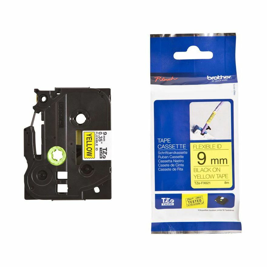 Kakovostni laminiran TZe Brother trak, širine 9mm in skupne dolžine 8m. Trak je rumene barve in omogoča potisk v črni barvi
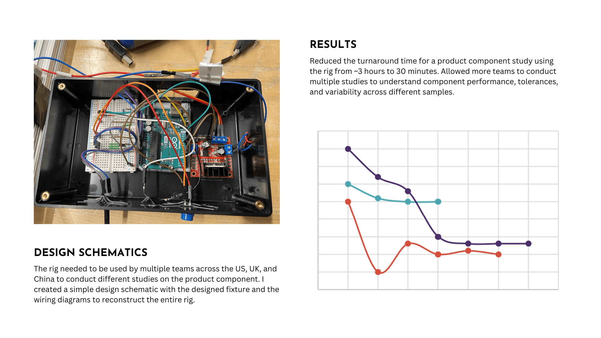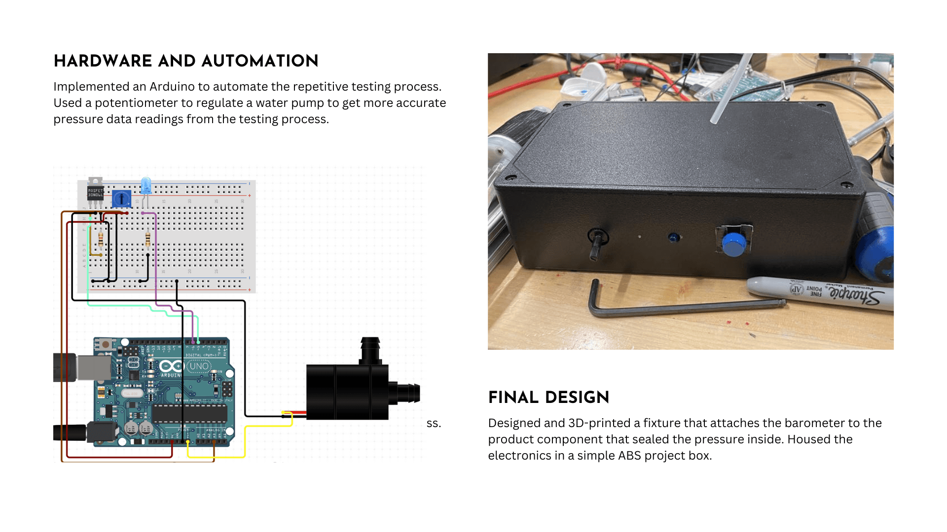 I interned with the Ninja R&D team for Ninja Thirsti, a new carbonated beverage product I worked on the key engineering systems that ensured the product met performance KPIs across manufacturing builds whilst collaborating with teams in Product Development, Design Engineering, Electrical/Software Engineering, Test Engineering, and Product Management.
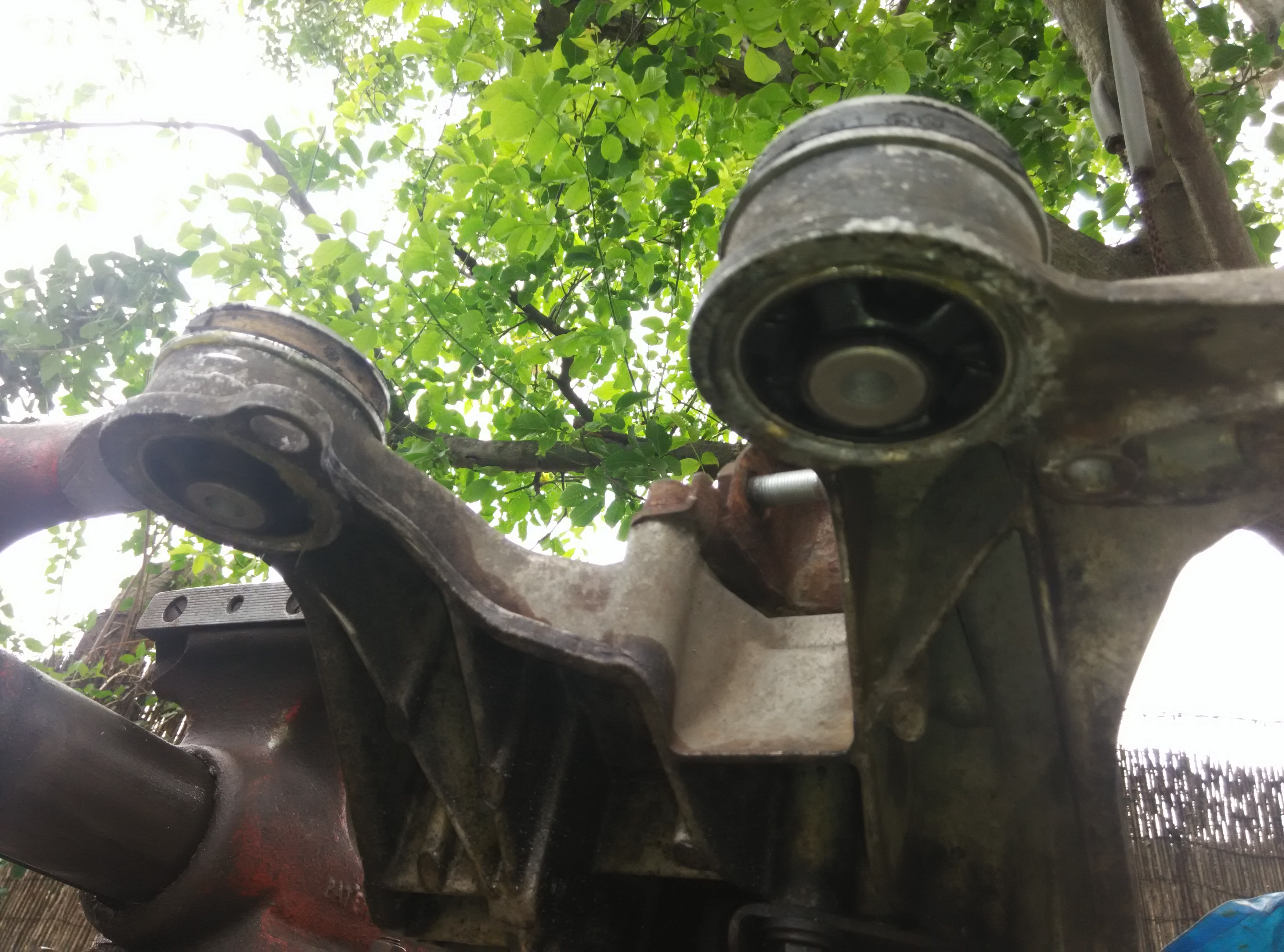 Dělal jsem zadní nápravu na 166 2,5V6. Sjížděly se mi vnitřky pneu, nic nemlátilo, ale v kolejích to plavalo, do A ten zadek byl. Sundal jsem nápravici, po 20 ti letech nešlo nic povolit, ale nahřátí pomohlo. Silent na rameni zteřelý, unibal v těhlici KO a unibal rameno - nápravnice vypadal bez vůle, ale šel podezřele lehce. Do ramene jsem koupil unibal 00026622 a silent 00027989 od TEDGUMU. Do těhlice unibal MEYLE 016 010 6313 vnitřní průměr 14 mm. Do nápravnice jsem dal silentbloky FEBI BILSTEIN 21332 4x. Bumerangy jsem nemělnil čep byl OK, promazal jsem je vazelinou A00 a přelisoval silentbloky SIDEM 835620. Nové uložení stabilizátoru a "kosti" MEYLE HD. Na tyč zavěšení kol jsem použil silentbloky MEYLE 16-14 610 0009 (zkráceny a vyvrtána vnitřní díra 14 mm). Do rozpěry na regulaci zbíhavosti jsem použil silent MEYLE 16-14 610 0009 (vnitřní průměr 12, vložil jsem do něj trubičku 12mm se stěnou 1mm, aby byl bez vůle. Vše šlo po očištění od rzi bez potíží nalisovat a na zbíhavosti vše OK. Kola jsou krásně rovně, žádná áčko, auto je klidné v kolejích, výměna stála za to. Ještě jsem řešil horní uložení tlumičů, které jsem nemohl za rozumný peníz sehnat, tak jsem si je vyrobil z předního uložení na Cromu TOPRAN 207 171. Je to na fotkách vidět.
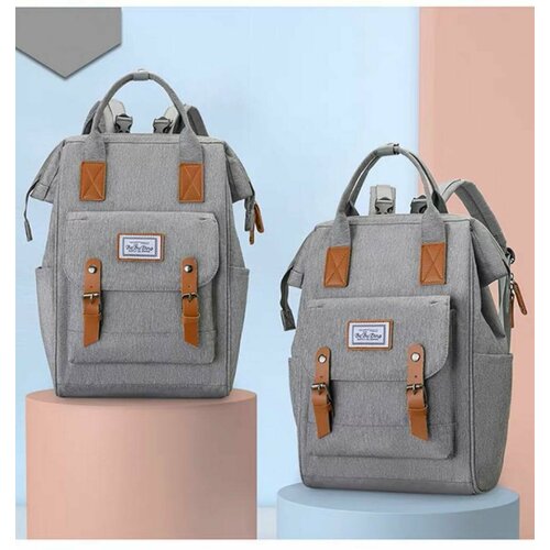 Однотонный женский рюкзак серого цвета с кожаными пряжками
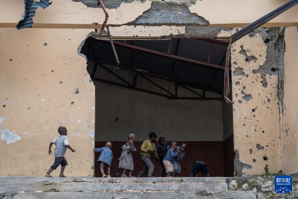 5月11日,在刚果(金)东部小镇萨凯,孩子们在一处因冲突损毁的房屋旁玩耍。
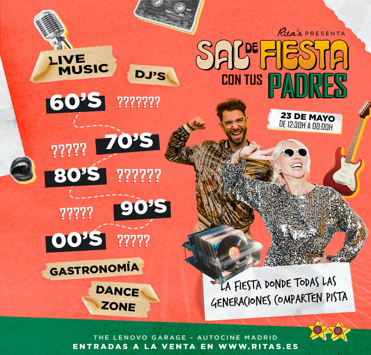 En ese contexto surge “Sal de fiesta con tus padres”, un nuevo concepto de ocio que propone algo hasta ahora poco habitual en España: un evento diseñado para que padres e hijos compartan pista de baile, repertorio musical y experiencia sin segmentaciones ni etiquetas. La propuesta llegará a Madrid el próximo 23 de mayo y plantea un recorrido musical capaz de conectar décadas, recuerdos y públicos distintos dentro de una misma noche.
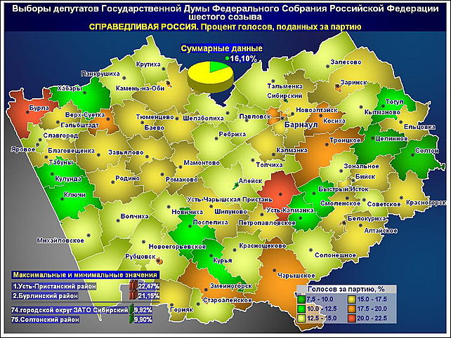 Эсеров больше всего порадовали результаты голосования в Усть-Пристанском (22,47%) и Бурлинском (21,15%) районах, огорчили — в ЗАТО "Сибирский" (9,92%) и Солтонском (9,90%) районе.
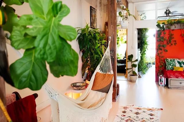 從一顆,兩顆,三顆,一直到五百多顆,在十一年的時間里, Summer將白色的墻壁,變成了一片草地,將一百多平方米的公寓,化作了一片森林。 和成百上千的植物生活在一起會是一種怎樣的感覺呢? 客廳里擺著一盆盆景,坐在搖椅上,發絲不經意間會與綠葉相觸,呼吸間則是自然的氣息,連床邊的常青藤都被風吹得東倒西歪,也不知道什么時候起床,枕頭上又會纏繞著一層又一層。
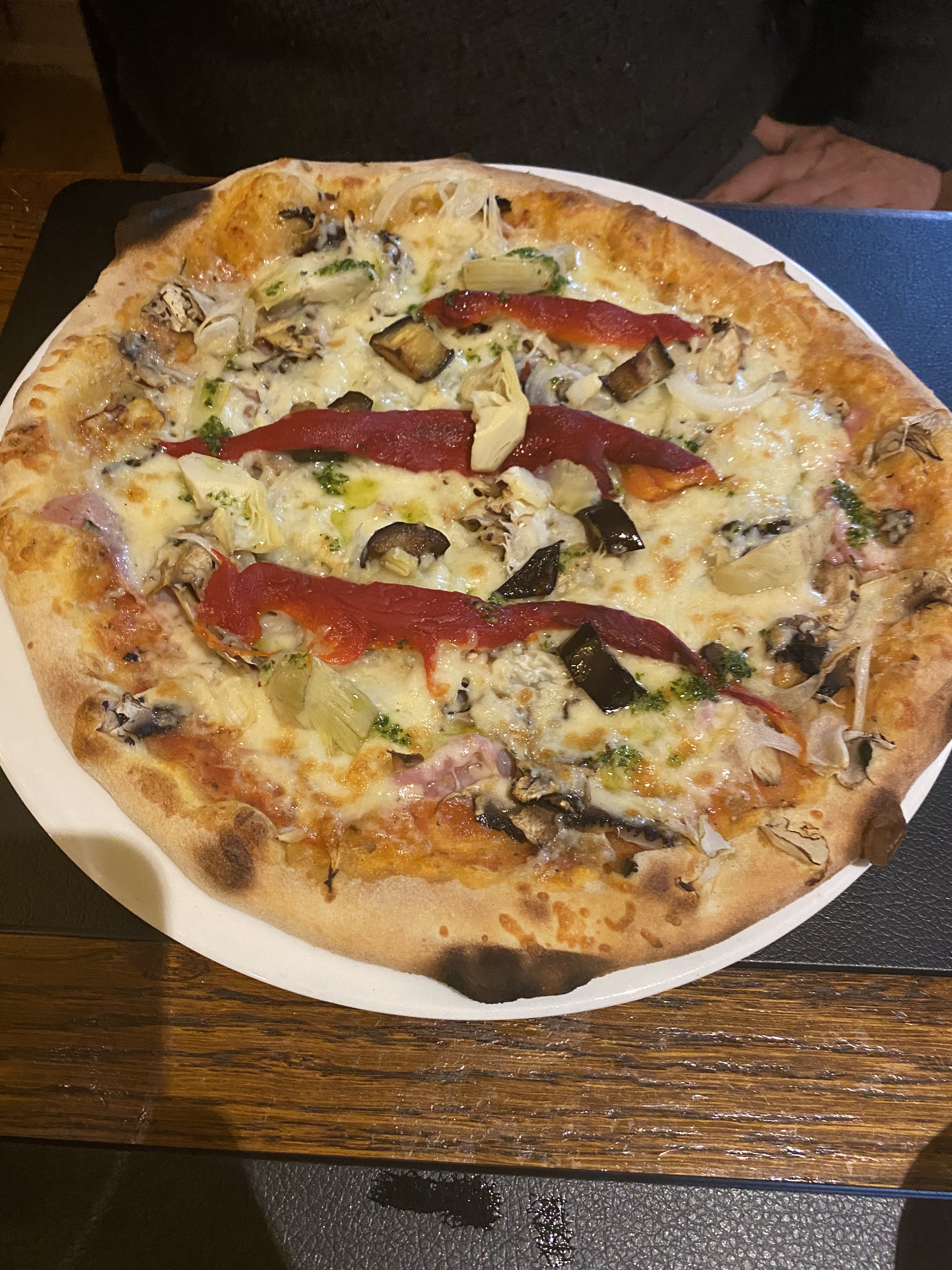 Ambiance décontractée mais recherchée, conviviale mais discrete, adaptée autant aux couples que aux familles et aux groups d'amis. Bon service, belle carte. Nous avons dégusté une pizza EXCELLENTE!!! Je reccomande vivement.
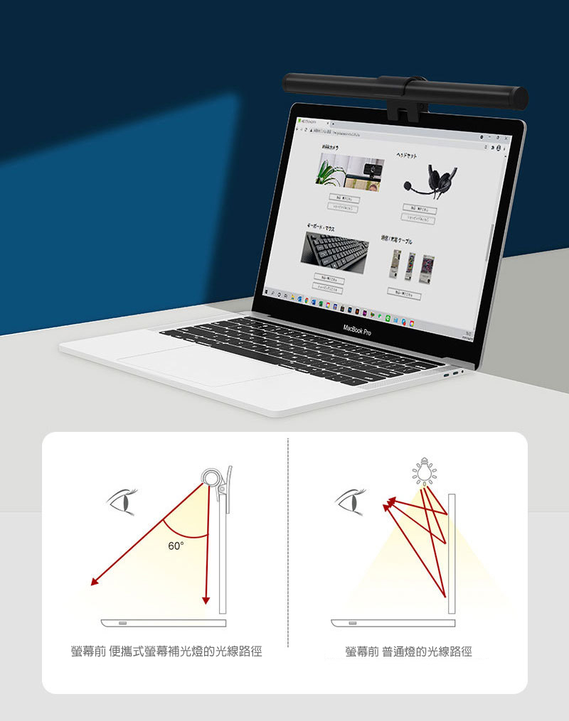 .非對稱光源,只照亮桌面工作與鍵盤區域
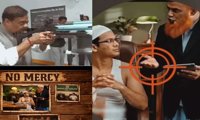 "Point Blank Shot" என்று தலைப்பிடப்பட்ட அந்த வீடியோவில், முதல்வர் பிஸ்வா கையில் ரைபிள் துப்பாக்கியை எடுத்து குறிபார்க்கிறார், அடுத்த காட்சியில் ஏஐ மூலம் உருவாக்கப்பட்ட குல்லாய், தாடி உள்ளிட்ட இஸ்லாமிய அடையாளம் கொண்ட இருவரின் மீது பிஸ்வாவின் துப்பாக்கி சுடுவதற்கு குறி வைக்கப்பட்டது பொன்று சித்தரிக்கப்பட்டுள்ளது.
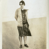 A photograph of a female Pacific University student posing on the beach. She could possibly be part of the Y.W.C.A. or Young Women's Christian Association. The Y.W.C.A. was founded in Portland in 1907. Forest Grove would eventually have their own branch at Pacific University. Young woman would often travel together to the beach with their Y.W.C.A. group. This photograph appears in an album that was compiled by Edith Hansen McGill, a 1930 Pacific University graduate.
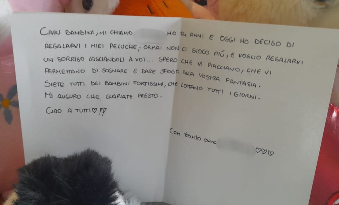 Un gesto che ha commosso gli operatori che hanno compreso quanto Gaia tenesse a fare felici i bambini meno fortunati rispetto a lei, privandosi di un ricordo dell’infanzia per donarlo a loro. Un sentimento di generosità e di altruismo che si evince anche dalle belle parole che la ragazzina ha scritto nel biglietto di accompagnamento: “Cari bambini, mi chiamo Gaia, ho 14 anni e oggi ho deciso di regalarvi i miei peluche; ormai non ci gioco più e voglio regalarvi un sorriso lasciandoli a voi…Spero che vi piacciano, che vi permettano di sognare e dare sfogo alla vostra fantasia. Siete tutti dei bambini fortissimi, che lottano tutti i giorni. Mi auguro che guariate presto!! Con tanto amore Gaia”.
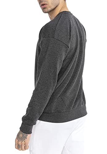 Felpa da Uomo Maglia in Cotone Manica Lunga Premium Basic Real Oversize Grigio Scuro XL
- - - - - - -
:: Task description ::
In the entries above, find the line with "Однотонный женский рюкзак" and the line with "En ese contexto". Return exactly those lines and all the ones between them, pictures excluded.

:: Exercise result ::
 Однотонный женский рюкзак серого цвета с кожаными пряжками
 5月11日,在刚果(金)东部小镇萨凯,孩子们在一处因冲突损毁的房屋旁玩耍。
 En ese contexto surge “Sal de fiesta con tus padres”, un nuevo concepto de ocio que propone algo hasta ahora poco habitual en España: un evento diseñado para que padres e hijos compartan pista de baile, repertorio musical y experiencia sin segmentaciones ni etiquetas. La propuesta llegará a Madrid el próximo 23 de mayo y plantea un recorrido musical capaz de conectar décadas, recuerdos y públicos distintos dentro de una misma noche.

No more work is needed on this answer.